En adoptant, définitivement la loi relative au dialogue social et à l’emploi, le Parlement vient de créer le « Compte personnel d’activité » ou le « CPA ». Pour l’instant, ce dernier est passé relativement inaperçu alors qu’il s’agit bel et bien d’une révolution potentielle du service public de l’emploi.
A partir du 1er janvier 2017, chaque personne disposera d’un compte personnel d’activité qui rassemblera « les droits sociaux personnels utiles à la sécurisation du parcours professionnels ». Sécuriser les parcours, c’est permettre à chaque individu de vivre sa vie professionnelle sans craindre les ruptures que peuvent causer une crise économique, un problème de santé, la naissance d’un enfant, ou tout autre raison personnelle. Entre deux emplois, entre deux congés de maternité, après un licenciement ou un accident de santé, chacun sera, s’il le souhaite, accompagné dans son évolution professionnelle. Pour les femmes, cette loi permettra d’éviter que la vie personnelle ne soit sacrifiée au profit de la vie familiale ou vice versa.
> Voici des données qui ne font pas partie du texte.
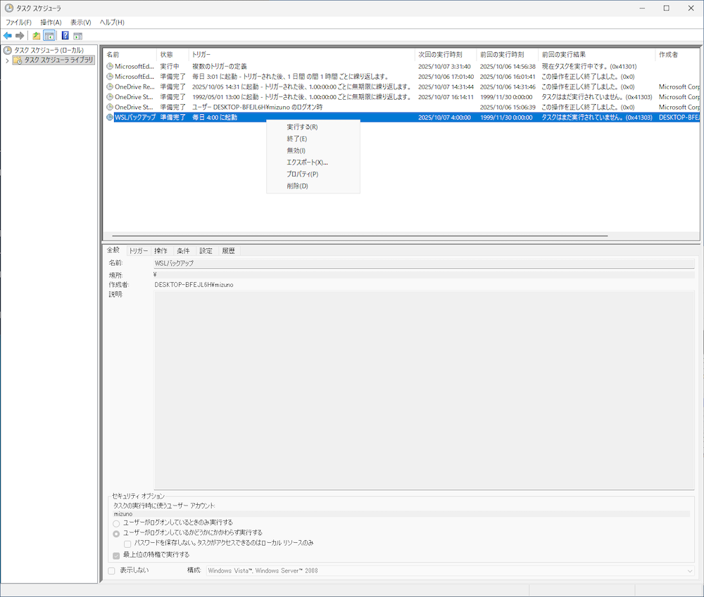 設定が完了したら、手動でタスクを実行して動作を確認しておきましょう。左のコンソールツリーから「タスクスケジューラライブラリ」をクリックします。タスクの一覧が表示されるので、作成した「WSLバックアップ」を右クリックし、コンテキストメニューから「実行する」をクリックします。これでタスクが実行され、バックアップが作成されることを確認してください。当然ですが、翌日の設定した時刻にもタスクが起動することを確認しておきましょう。これで毎日、WSL環境のバックアップを自動で取得できるようになりました*。
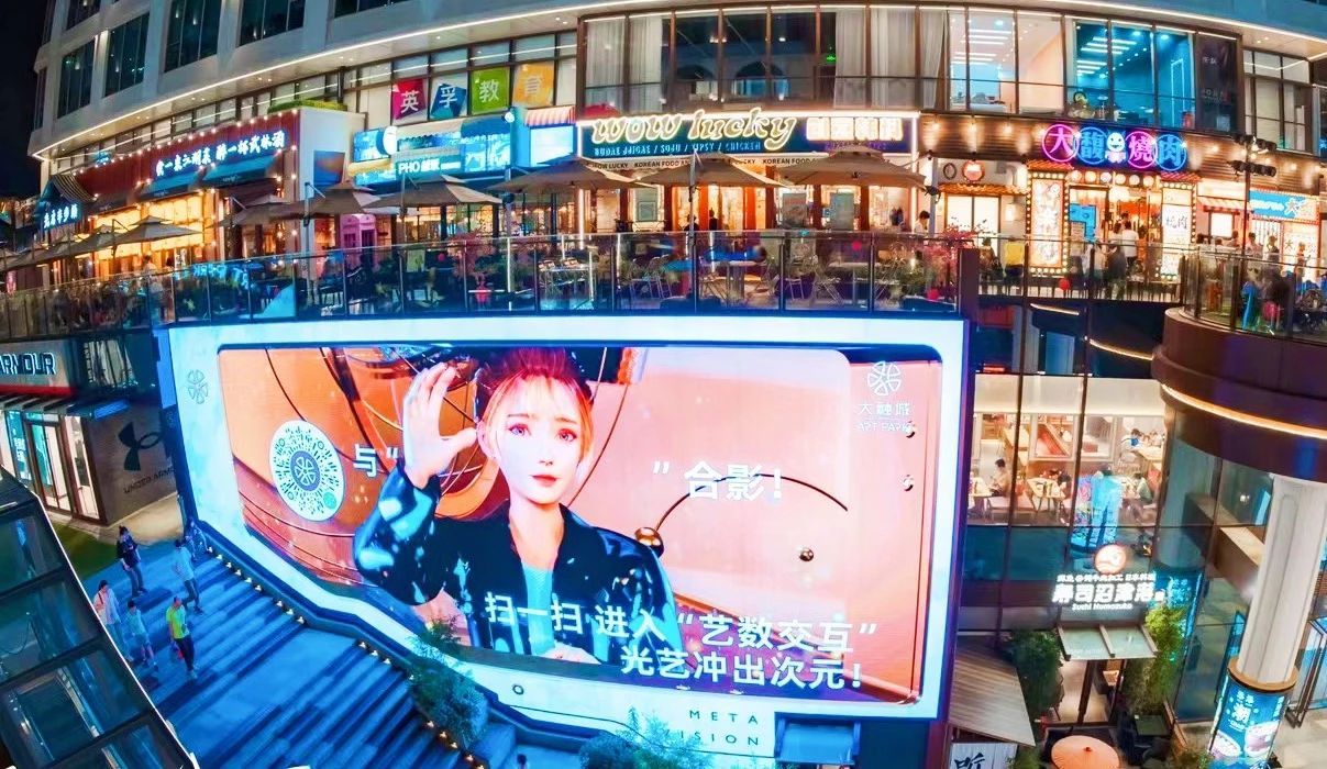 每日19:00-21:00,位于商场中庭广场的33k投影矩阵幕布会自动降下,配合123平方米裸眼3d巨屏,市民可与光艺碰面和互动。通过特定二维码进入互动游戏“与光合影”,市民还能与光艺共拍大头贴。融合数字前沿科技与硬核艺术创意的交互体验,为市民带来更多趣味和活力。
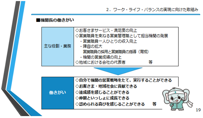 先ほどお話したとおり、機関長の長時間労働が最大の課題です。各営業機関には営業職員が約30名おり、機関長が統括しています。機関長の仕事は(図表4)、例えば、新商品の研修、コンプライアンス研修、個別指導等といった営業機関内の仕事のほか、支社向けの仕事もあります。一言で言うと、とても大変です。しかし、やりがい、働きがいもあり(図表5)、使命感を持って仕事をしています。営業職員は営業成績に伴う歩合給ですから、機関長は営業職員の生活の責任を負っているということになります。言わば、営業機関という一国一城の主(あるじ)なのです。中小企業の社長と同じような仕事をしていると言っても過言ではないと思います。早ければ20代後半で機関長に就きます。しかし、色々な業務を抱えているがゆえに、長時間労働になっているのが実情です。

Comment définir la notion de « droit social personnel utile à la sécurisation des parcours »? C’ est d’abord un droit attaché à la personne à qui il donne le droit d’exiger du service public de l’emploi une prestation ou une indemnisation. Ce droit social crée aussi des obligations comme celle de suivre une formation tout au long de la vie.
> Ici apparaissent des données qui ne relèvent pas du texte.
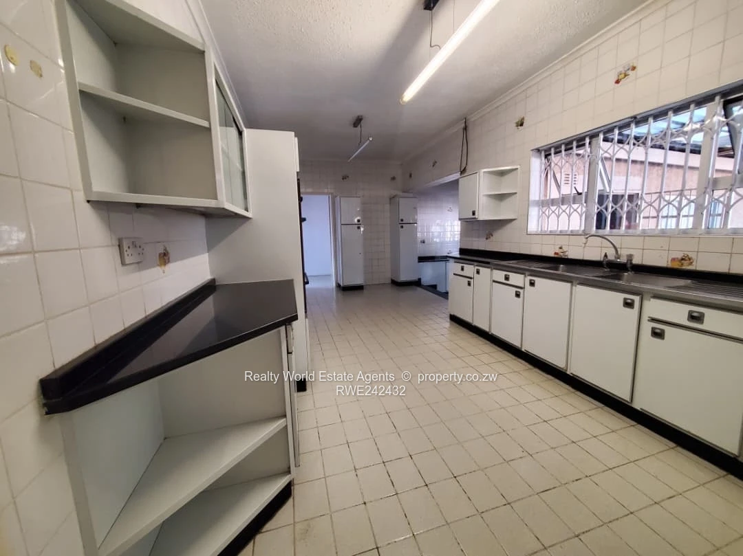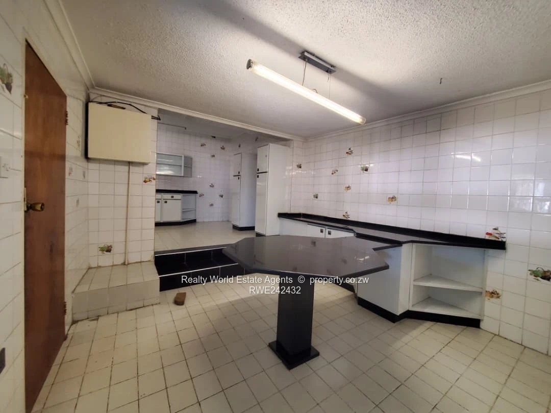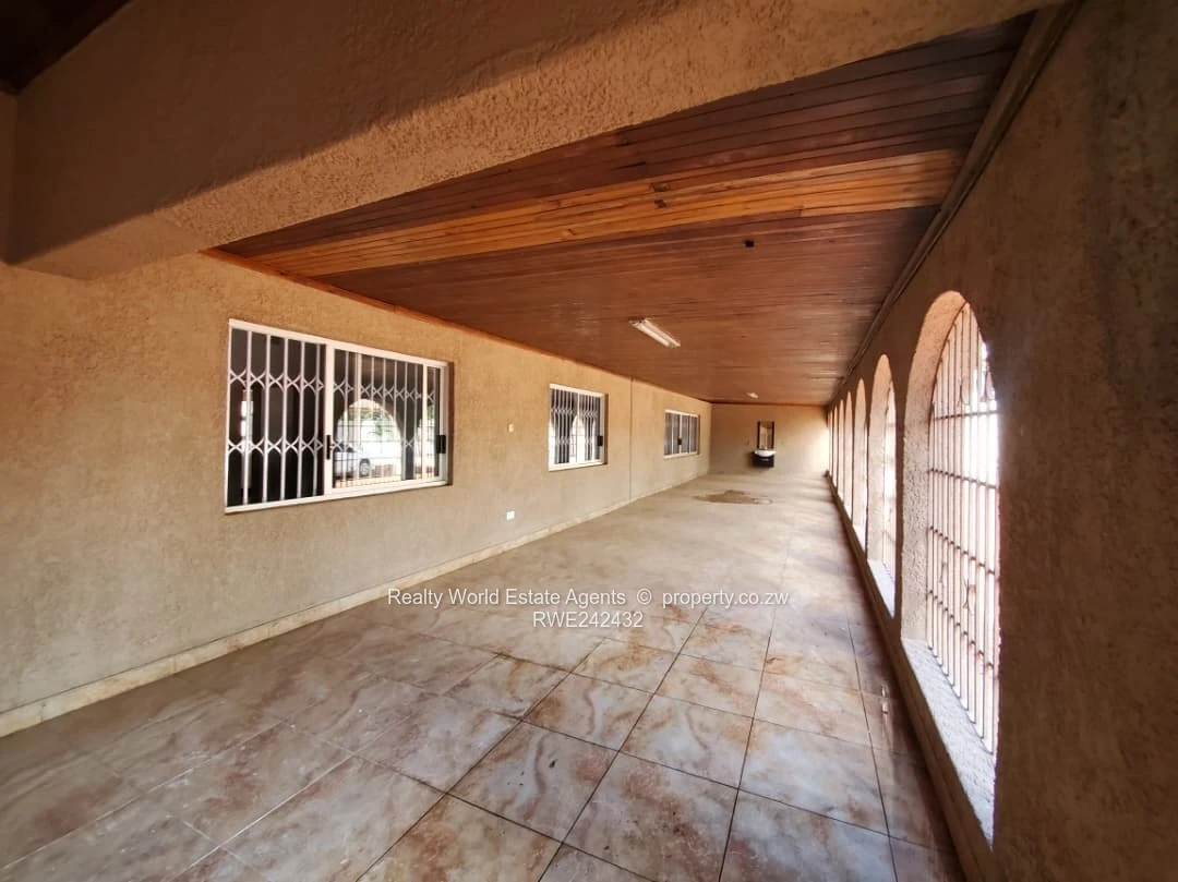 Conveniently located close to all amenities, this spacious property sits on a generous 800m² stand with full title deeds. The home features four bedrooms (main with ensuite), a lounge, sunken dining area, kitchen with BICs, and office/study. Flooring is a combination of tiles and fitted carpets, complemented by a family bathroom. Outside, you will find staff quarters and a tiled entertainment area leading to a large shaded space. Property is also suitable for Commercial use.

Une interprétation restrictive de cette notion conduirait à limiter les droits à ceux nés de l’activité professionnelle et donnant lieu à des droits en matière de formation professionnelle. En ce cas, le compte personnel d’activité ressemblerait étrangement au compte personnel de formation, qui existe depuis la loi de 2014 et qui n’a pas encore fait la démonstration de son efficacité.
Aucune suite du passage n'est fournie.